The HALO Trade “The market might look calm on the surface, but there’s chaos underneath,” Mark Hackett of Nationwide observed recently. That description fits February well.
But the selling hasn’t stopped there. Transportation firms, financial brokerage, private credit managers, even select trucking and logistics names have seen capital rotate out as investors question which business models might be disrupted next.
The Nasdaq Composite is on pace for a 2.8% slide and its worst monthly performance since last March. The S&P 500 is on track for a 1.0% loss for the month, while the Dow is set for a 1.2% advance.
Enter HALO
Josh Brown of Ritholtz Wealth Management recently coined the acronym HALO — Heavy Assets, Low Obsolescence. The idea is simple: own companies that AI cannot easily replace. Pipelines. Refineries. Utilities. Defense contractors. Commodity producers. Things that would hurt if you dropped them on your foot.
As Hannah Erin Lang wrote in a recent Dow Jones piece, “Call it the AI immunity trade, HALO, or just another iteration of the jitters that have periodically rippled through markets since the AI investing boom began.”
In a year defined by fear of disruption, those names have become safe harbors; capital migrating toward balance sheets anchored by tangible assets rather than lines of code. Whether widespread disruption ultimately materializes remains to be seen.
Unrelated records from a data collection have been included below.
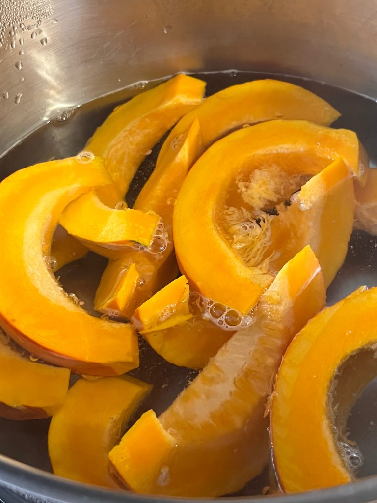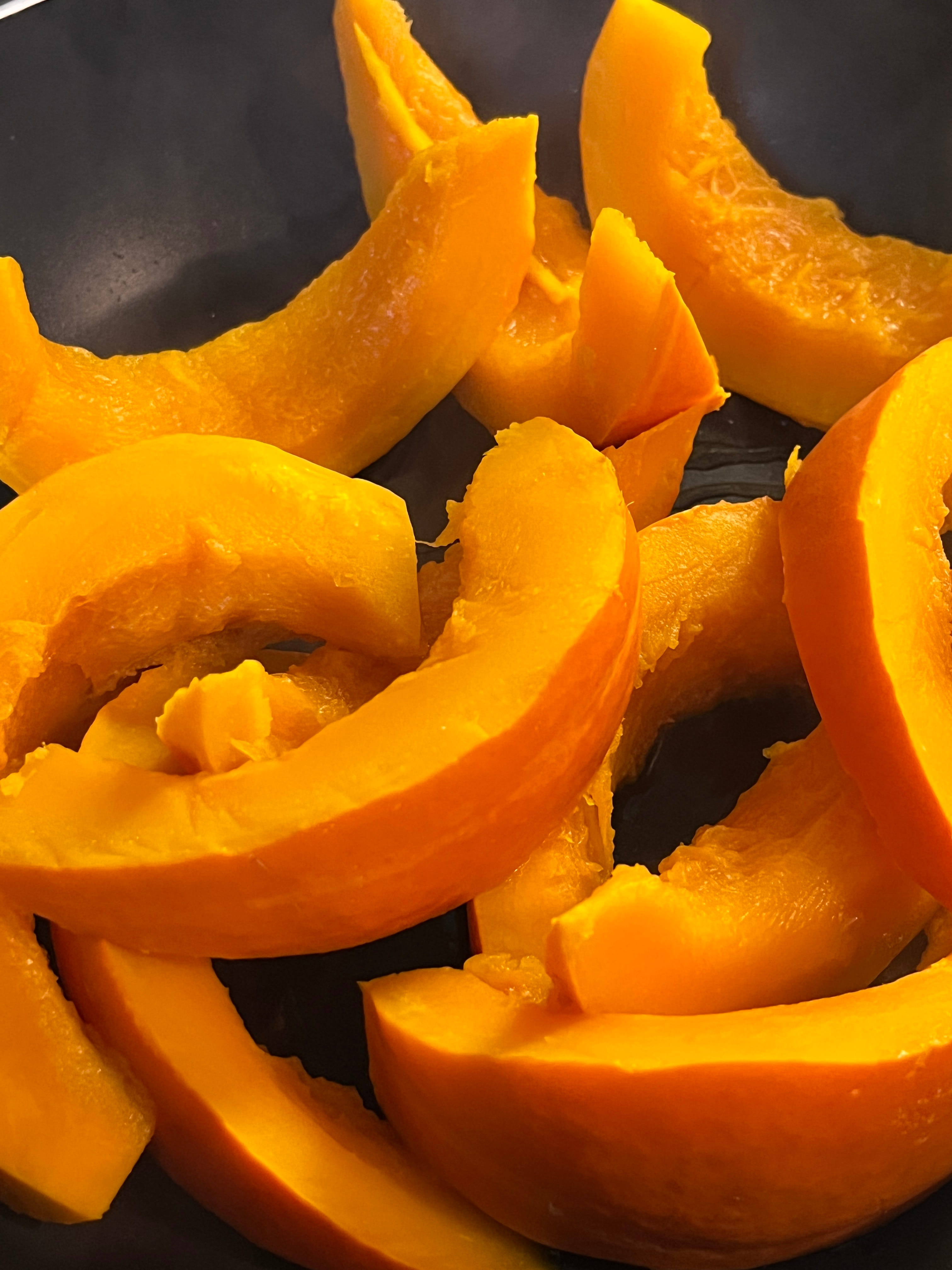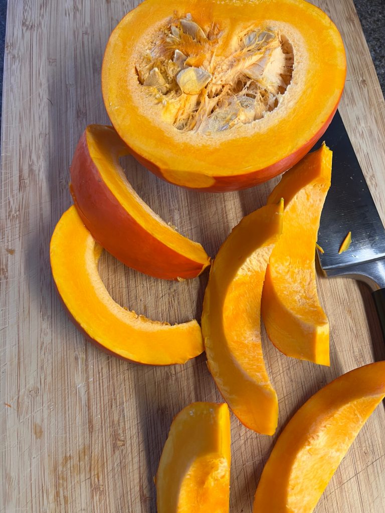 Den Hokkaido ebenfalls waschen abtrocknen, halbieren, entkernen und in Spalten schneiden.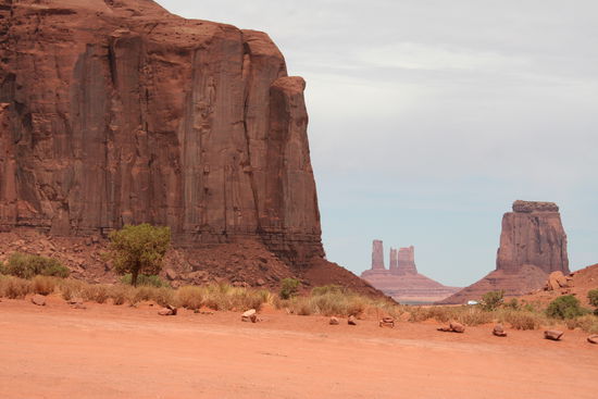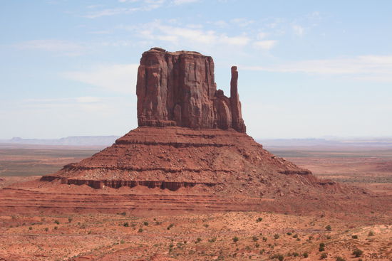 Nochmal tanken und einkaufen, dann fahren wir um 8.30 Uhr los. Auf der 191 geht es nach Süden. Dann biegen wir hinter Bluff (warum wohnt man hier...?) auf die 163. Wüste und rote bzw. gelbe Felsen wechseln sich ab. Am Mexican Hat halten wir kurz und machen ein obligatorisches Foto. Dann nochmal einen Stop, um die beeindruckende Straße mit dem Monument Valley als Hintergrund abzulichten.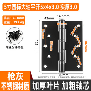 5*3*3『大轴』平开5寸合页不锈钢『枪灰色』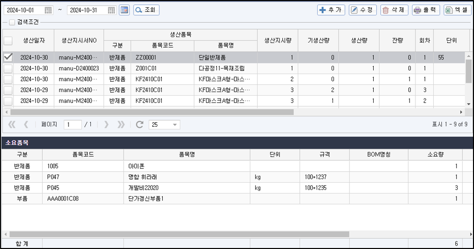 - 생산관리2(자재불출)에서 생산지시를 작성하는 경우 : 소요부품에 대한 생산출고 처리를 진행한 뒤, 생산품목에 대한 생산입고를 처리합니다.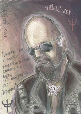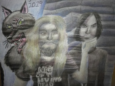 This is a drawing I "concocted" on my own.The drawing of "Meat" himself I coppied from the front cover of a rare British promo record I bought on Ebay sometime ago.The rest (on the left) I put together myself. I admit I got the idea from the cover of a box set with Meat Loaf's first three albums; Bat out of hell,Dead Ringer and Midnight at the Lost and Found. Sorry about the sloppy job on the lettering but it looked okay before I started to color it in,happens all the time.Related content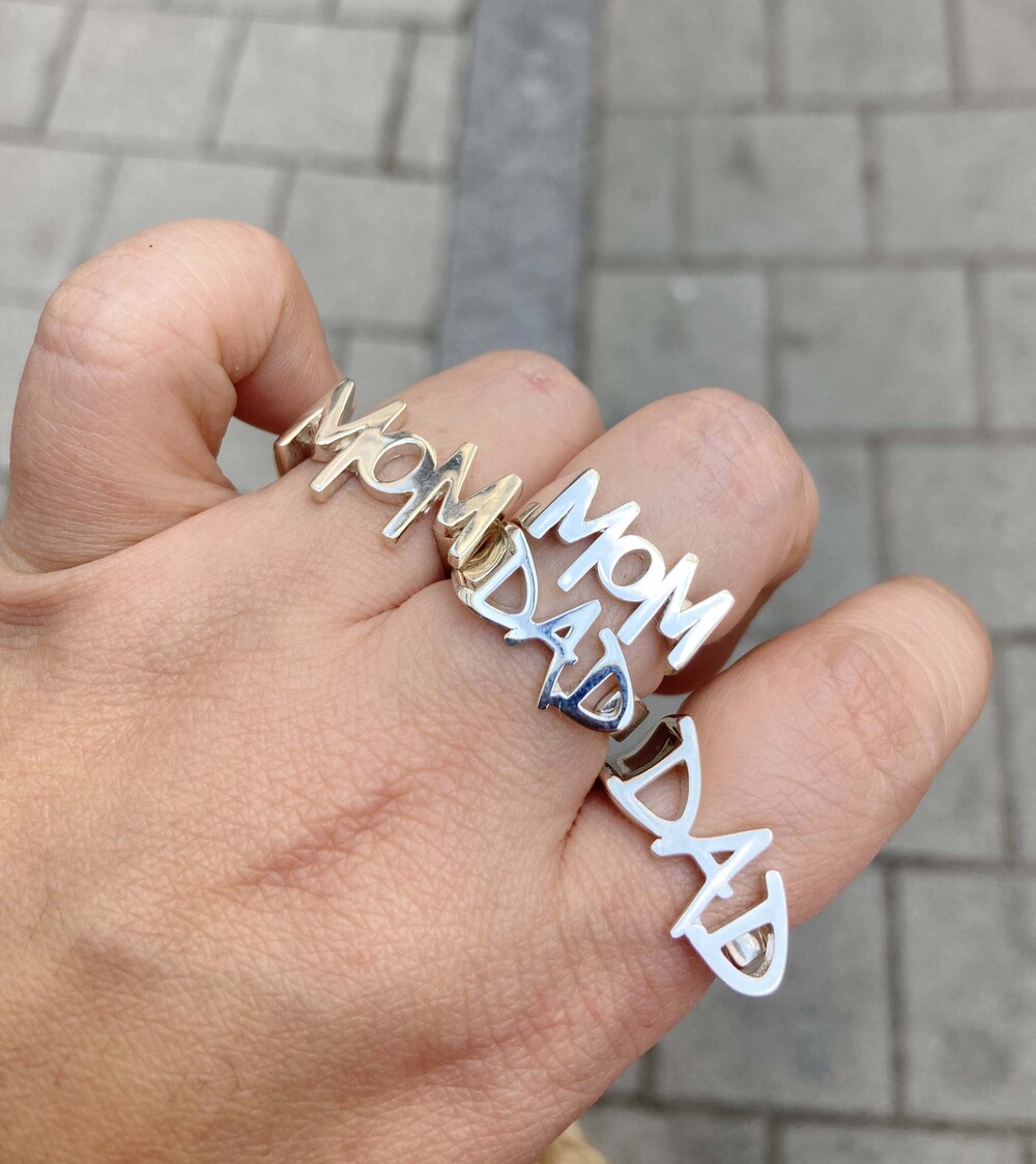 기존의 MOM, DAD반지의 글씨 크기가 작아진 쁘띠 버전의 반지 입니다.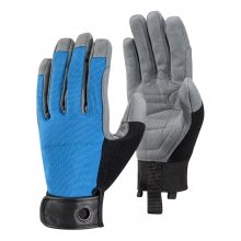 Fast Rope Gloves, Made of double-layer leather glove, Fourway stretch nylon back for moisture control on sweltering crag days, The hook-and-loop neoprene cuff features a carabiner hole, so you can attach the Cordex to your harness after your buddy finishes flailing on his project.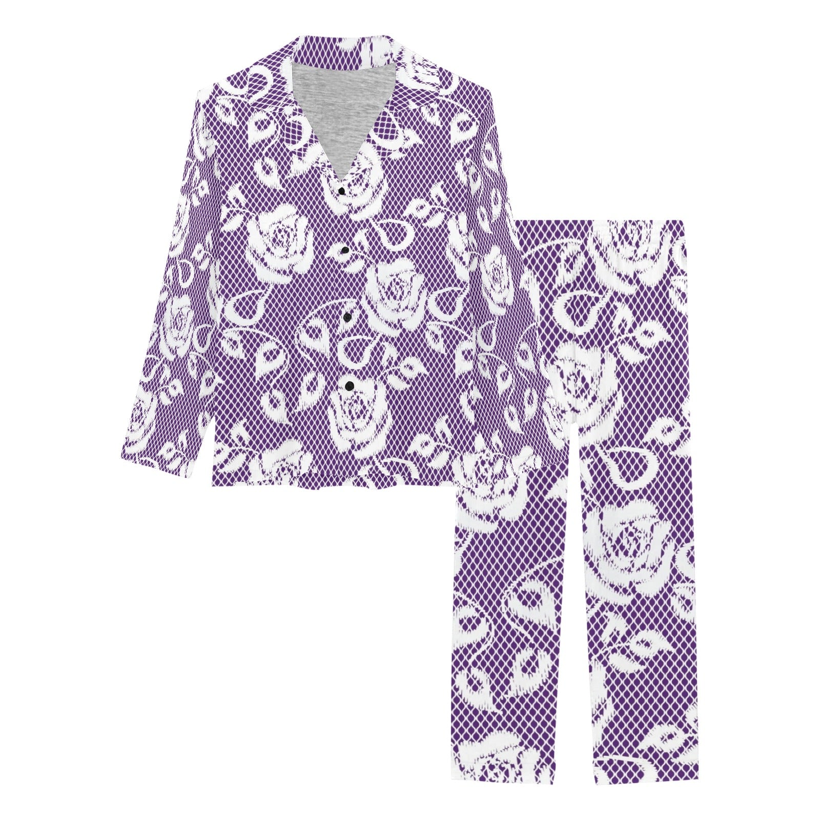 Victorian printed lace pajama set, design 18 Women's Long Pajama Set (Sets 02)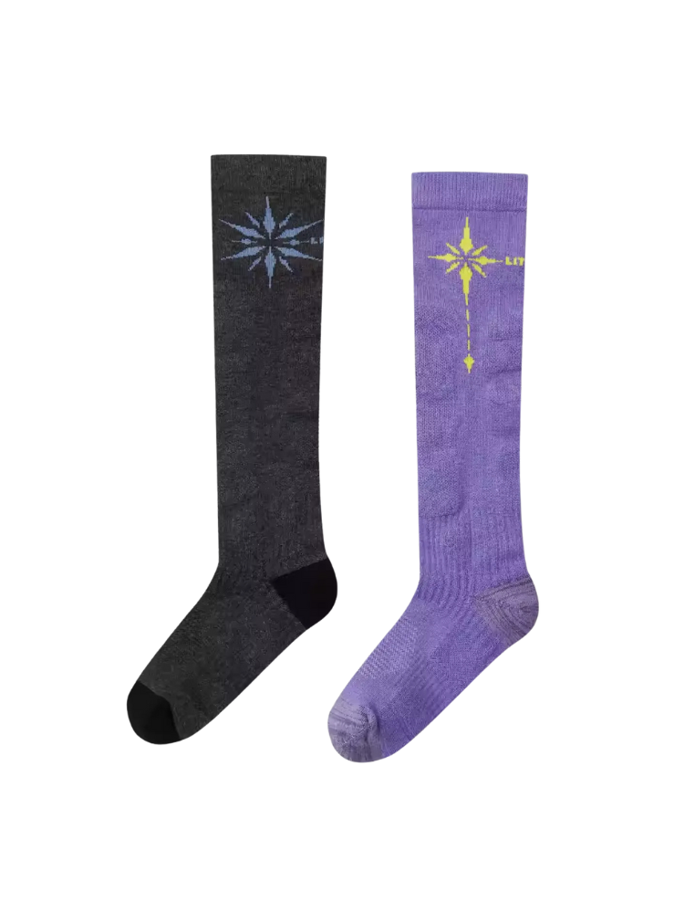 Keep your feet warm and supported with Litan Merino Wool Ski Socks. Thick, breathable, and moisture-wicking, with ergonomic cushioning, ankle support, and UV protection, these socks reduce fatigue and protect toes for all-day skiing comfort.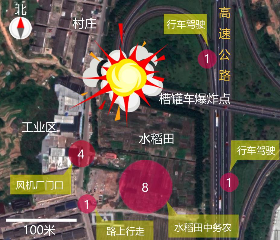 2 结果 2.1 患者基本情况患者年龄为(65.9±16.3)岁,烧伤面积为(85.1±14.3)%,简易烧伤指数(ABSI)为14.7±1.8,修正Baux评分(168.0±22.4)分。入院后评估SOFA评分为(10.7±2.4)分,APACHE Ⅱ评分为(26.4±4.5)分。经过治疗,30 d内无人死亡,60 d内死亡人数为5人。患者的90 d存活率为60.0%(见表 1)。爆炸事件发生时,各个患者所在位置如图 2,其中有8例患者在稻田务农,2例在高速公路上驾驶,4例在工业区机厂门口,1例在路上行走。见图 2。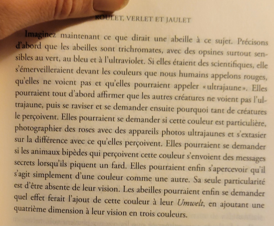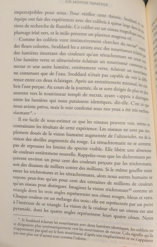 Je remonte ce post car je m'éclate avec le dernier bouquin en date acheté (y'a longtemps mais je ne lis sérieusement que maintenant) Un monde immense - Comment les animaux perçoivent le monde de Ed Yong.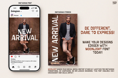 Instagram Font MOONLIGHT is a typeface that perfectly captures the essence of urban culture and high-end fashion aesthetics. With its handcrafted, slightly irregular letterforms, this font exudes an organic yet sophisticated appeal, making it perfect for contemporary branding. Moreover, its bold strokes and natural imperfections add character, giving it an authentic and unique charm.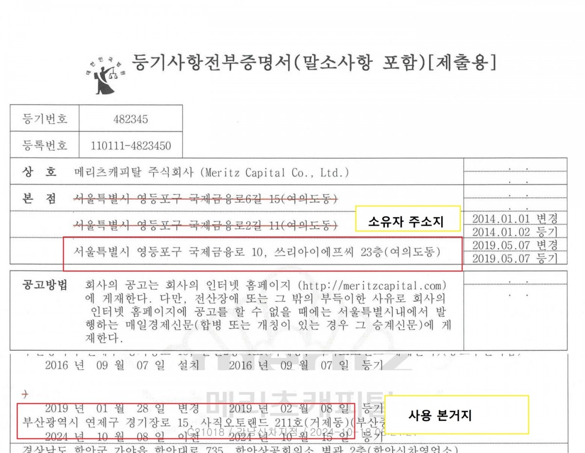 메리츠 캐피탈 사용본거지와 등록지 주소입니다.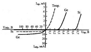 Рисунок 10 - Вольтамперные характеристики для германиевого (Ge) и кремниевого(Si)диодов. Пунктиром показана теоретически рассчитанная характеристика p-n перехода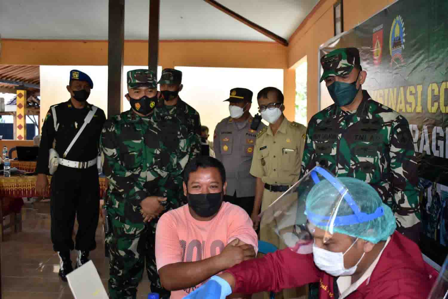 KODIM 0725/Sragen bekerja sama dengan Yayasan Tunas Amaliah Berlian Center di bawah naungan PT Bayu Berlian Makmur menggelar serbuan vaksinasi untuk masyarakat umum usia 18 tahun ke atas di Balai Desa Geneng, Kecamatan Miri, Kabupaten Sragen, Senin (20/9/2021).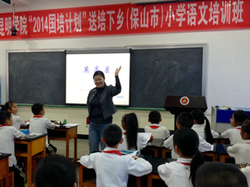 “送培下乡”项目以实践性教学为主,通过高校、送培地教师培训机构、中小学幼儿园三方合作,探索、形成在中小学、幼儿园教学一线发现问题、研究问题和解决现实问题的机制,采取名师示范、现场诊断、同课异构、交流研讨等方式进行。自9月21日起,昆明学院“送培下乡”项目先后在楚雄州幼儿园、武定县民族中学、德宏州芒市民族中学、芒市第一小学、保山市第一中学、保山市实验小学、昆钢幼儿教育中心、昆明市寻甸县幼儿园、红河州蒙自市第三中学、蒙自市第二小学举办。通过上课、观课、说课、议课、辩课、评课、专题研讨等一整套有机结合的环节,努力创设民主开放的培训氛围,在为参训学员提供可借鉴的、先进的教学程序、教学策略和教学方法的同时,让学员在集体研讨中积极思考,充分表达,在思维的碰撞中加深对专题和课例的理解与认识,使学员能够真正学有所获、学有所成。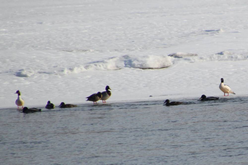 7. Также с лебедями зимуют кряквы и несколько больших крохалей (как мне кажется)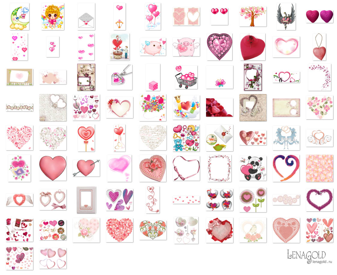 Розовые сердечки - 1 Колличество файлов - 82 Формат - PNG и GIF превью Скачать архив - 305 Mb |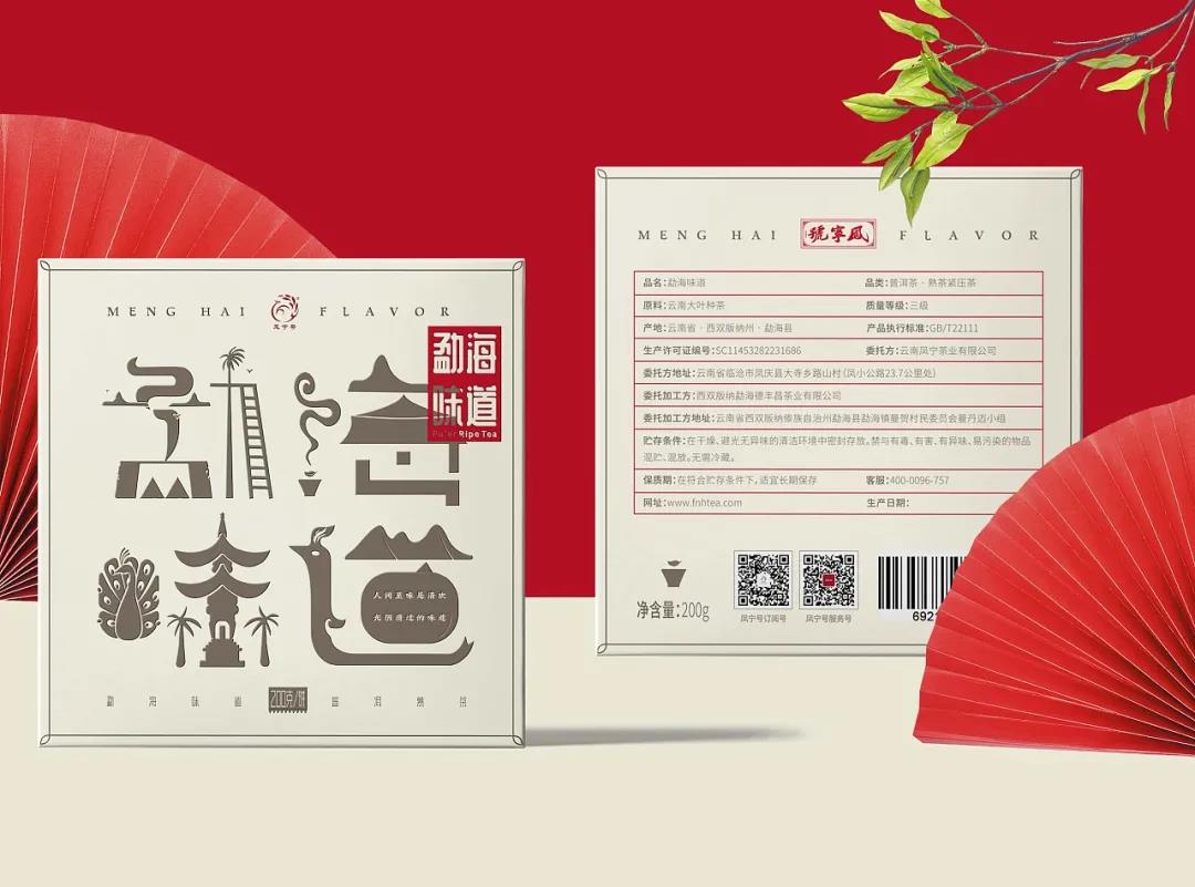 這款勐海味道茶葉包裝,整體以米色調(diào)進(jìn)行畫(huà)面鋪設(shè),封面的字體設(shè)計(jì),巧妙融入了當(dāng)?shù)氐慕ㄖ⒖兹浮釒е参锏龋癸@茶品名稱的同時(shí),使得畫(huà)面表達(dá)更具美感。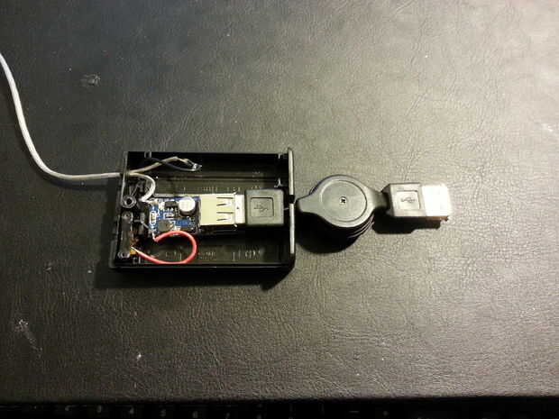 Siempre podría utilizar el puerto USB en el tablero y cortar un agujero en la carcasa para introducirlo a través de, pero no me sentía a cortar la caja demasiado. En cambio, sólo he conectado un cable USB extensible en el tablero, corte un agujero en la carcasa para alimentarla y el resto salir a la izquierda. Cabe agradable y perfectamente y no va a dañar la board si el cable se tira.

What matters right now is that the market thinks it’s a possibility.
Keep in mind: markets overshoot both ways. In 2023 and 2024, anything remotely connected to AI commanded a premium. In early 2026, the pendulum has swung toward punishing anything perceived as exposed.
The Federal Reserve, meanwhile, is on pause—though this morning's higher inflation data will surely get their attention (U.S. wholesale prices coming in hotter than expected last month). At this point in time, policy is neither restrictive enough to choke growth nor loose enough to rescue weak narratives.
Going Forward
If AI spending stabilizes and earnings remain intact, software should find its footing. In fact, Fundstrat’s Tom Lee recently suggested that the AI and Magnificent Seven selloffs may be nearing exhaustion, saying he believes markets could be “far along into that bottom.”
Base case for the market: earnings growth carries the market higher, though leadership remains more rotational and less concentrated than in prior years. And the HALO trade ends up coexisting alongside select AI leaders rather than replacing it entirely.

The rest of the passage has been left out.